20. Mai 2026 um 09:55

Jeudi 21 mai 2026 à 21h30, le Mucem de Marseille accueillera, sur le Fort Saint-Jean, une création littéraire et scénique pensée comme une traversée des mémoires méditerranéennes. Présentée dans le cadre du festival ‘Oh les beaux jours !’, la soirée intitulée ‘‘Omar Sharif, ma grand-mère et moi” ne sera jouée qu’une seule fois.

Au centre de cette proposition, la figure d’Omar Sharif agit comme un fil conducteur reliant récits intimes, imaginaires familiaux et mémoire culturelle du monde arabe et méditerranéen.

Star née en Égypte, icône du cinéma international, il devient ici un point de passage entre histoires personnelles et héritages partagés.

Mais au-delà de cette présence centrale, la soirée accorde une place marquée à la Tunisie et à ses résonances historiques et contemporaines.

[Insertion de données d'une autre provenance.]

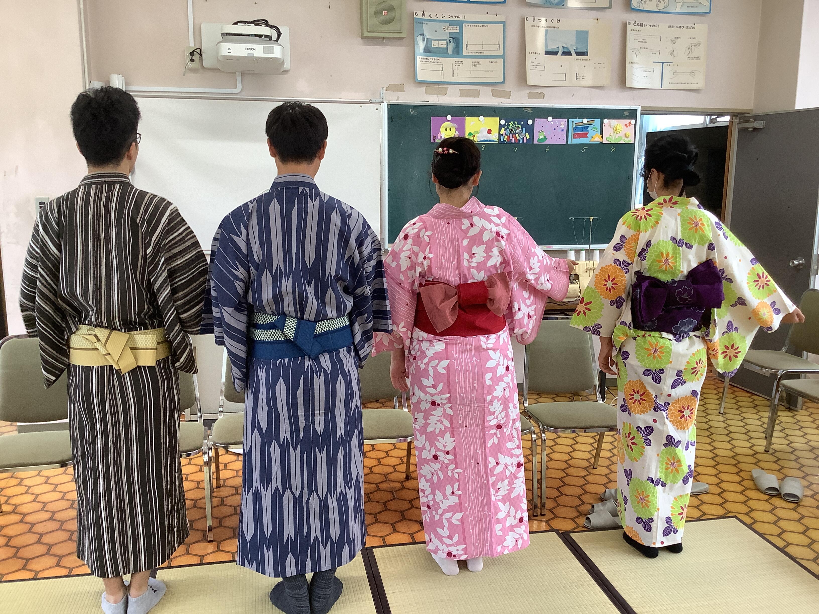 着付け体験を行いました! 10月20日(月)に、京都きもの学院講師 市村知子様、市村ミノリ様を講師に迎え、着付け体験授業を行いました。目標は、製作した浴衣を自分で着用し、ファッションショーに出演することです。紐や帯の結び方や、浴衣のたたみ方まで丁寧に教えていただきました。 前の記事

La figure de Habib Bourguiba traverse le spectacle comme celle d’un fondateur essentiel et controversé. Architecte de la Tunisie moderne, entre mythe national et fin de règne, il incarne une mémoire politique toujours active, interrogée à travers les récits et les écritures de la soirée.

La création met également en lumière la voix de l’écrivaine Amira Ghenim, dont les textes explorent les tensions entre mémoire intime, histoire sociale et héritages politiques dans l’espace tunisien et maghrébin.

Autour de cet axe tunisien gravitent d’autres figures majeures du monde arabe et méditerranéen : Warda Al-Jazairia, icône de la chanson engagée en Algérie ; Assia Djebar, grande voix littéraire du Maghreb ; ou encore Berlanti Abdelhamid, figure du cinéma égyptien.

Mise en scène par Amine Adjina, la soirée réunit également Marwan Chahine, Maya Ouabadi, Nassera Tamer et Abdellah Taïa, autour de textes inédits mêlant récits personnels et figures de mémoire.

Dans le décor du Fort Saint-Jean, face à la mer, cette création compose une cartographie sensible où la Méditerranée devient espace de circulation des voix, des histoires et des héritages. Une seule soirée. Le jeudi 21 mai à 21h30.